Basic Python operations for processing JSON files
When we do network requests, we often have to deal with JSON data. For example, using the requests library to get the proxy IP service provider's interface data, the return is basically JSON format. For example, the API response of ipipgo is structured like this:
import json
Pretend this is the response data obtained from ipipgo
proxy_data = '''
{
"status": "success",
"data": [
{"ip": "112.95.208.11", "port": 8000}, {"ip": "183.125.90", "port": 8000}, [
{"ip": "183.32.125.90", "port": 8080}
]
}
'''
String to Dictionary
parsed_data = json.loads(proxy_data)
print(parsed_data['data'][0]['ip']) output 112.95.208.11
Here's an easy place to plant a pit:The json library converts numbers to int by default.. For example, port number 8000 will be processed as an integer, but some scenarios may require string format. This time a type conversion can be added: str(parsed_data['data'][0]['port'])
Hands-on tips for proxy IP scenarios
When you need to manage proxy IPs in bulk, it is recommended to save the IP list to a local file. For example, save the proxies extracted by ipipgo as proxies.json:
import json
proxy_list = [
{"http": "http://112.95.208.11:8000"},
{"http": "http://183.32.125.90:8080"}
]
Write the file with the indent parameter to make it more readable
with open('proxies.json', 'w') as f.
json.dump(proxy_list, f, indent=2)
Be aware of encoding issues when reading, especially on Windows:
with open('proxies.json', 'r', encoding='utf-8') as f.
proxies = json.load(f)
Advanced Play with Dynamic Switching Agents
Combined with ipipgo's automatic IP replacement function, you can get a smart switching system. Demonstrate a polling scheme here:
import random
import requests
with open('proxies.json') as f:
ip_pool = json.load(f)
def get_random_proxy(): return random.choice(ip_pool)

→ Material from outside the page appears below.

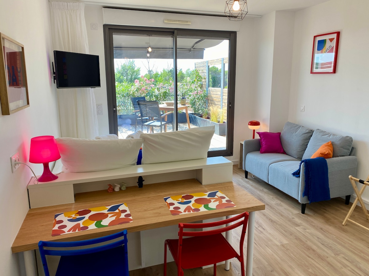 Za vaš odmor, putovanje ili poslovno putovanje u Aix-en-Provence, otkrijte ovaj udoban studio s 3 zvjezdice s lijepom terasom od 12 m², potpuno opremljen, u mirnom kompleksu apart-hotela s bazenom (u sezoni) i besplatnim parkingom. Samostalna prijava. Smješten 2 km od Aix-en-Provencea, do avenije Cours Mirabeau i njene fontane La Rotonde možete stići za samo nekoliko minuta: uživajte u načinu života u Aix-en-Provenceu, njegovim provansalskim uličicama te brojnim trgovima i restoranima.

return random.choice(ip_pool)
Requests with proxy
response = requests.get(
'https://目标网站',
proxies=get_random_proxy(),
timeout=5
)
Focused attention:Remember to add exception handling in the code, encountering the failure of the IP timely removed from the list. ipipgo's survival rate can reach 99%, more than the self-built proxy pool to save a lot of heart.

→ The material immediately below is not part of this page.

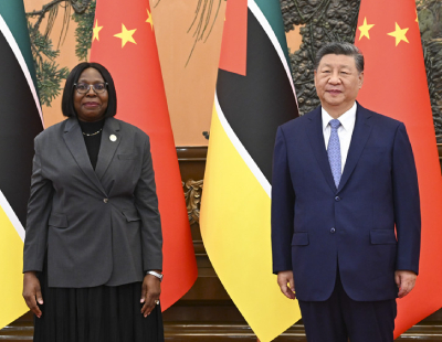 2025年2月25日,云南省昭通市绥江县,新市金沙江特大桥施工现场,工人正加紧施工。

Frequently Asked Questions QA
Q:json.decoder.JSONDecodeError报错咋整?
A: 80% of the data has special symbols are not escaped, or the interface is not returned by the standard JSON, you can use print () to output the original data to check, or loads () add strict = False parameter
Q: What should I do if my proxy IP suddenly fails?
A: It is recommended to use ipipgo's dynamic tunneling proxy, which automatically changes IP for each request. if you use traditional static proxy, remember to set the retry mechanism:
from retrying import retry
@retry(stop_max_attempt_number=3)
def safe_request(url).
return requests.get(url, proxies=get_random_proxy())
Q: How do I verify if the agent is in effect?
A: Use this to check the interface and see the currently used egress IP:
requests.get('http://ipipgo.com/checkip', proxies=proxy).text
Efficiency Optimization Tips
When dealing with large files don't use json.load() to load them all, try reading them line by line:
import ijson
with open('big_data.json') as f.
Parsing only the proxies in the data field
proxies = ijson.items(f, 'data.item')
for proxy in proxies: print(proxy['ip'])
print(proxy['ip'])
If you often need to read and write configurations, it is recommended to store the data returned by ipipgo's API directly in the database, which is more reliable than manipulating files. Especially when you need to manage multiple projects at the same time, the advantages of the database will be obvious.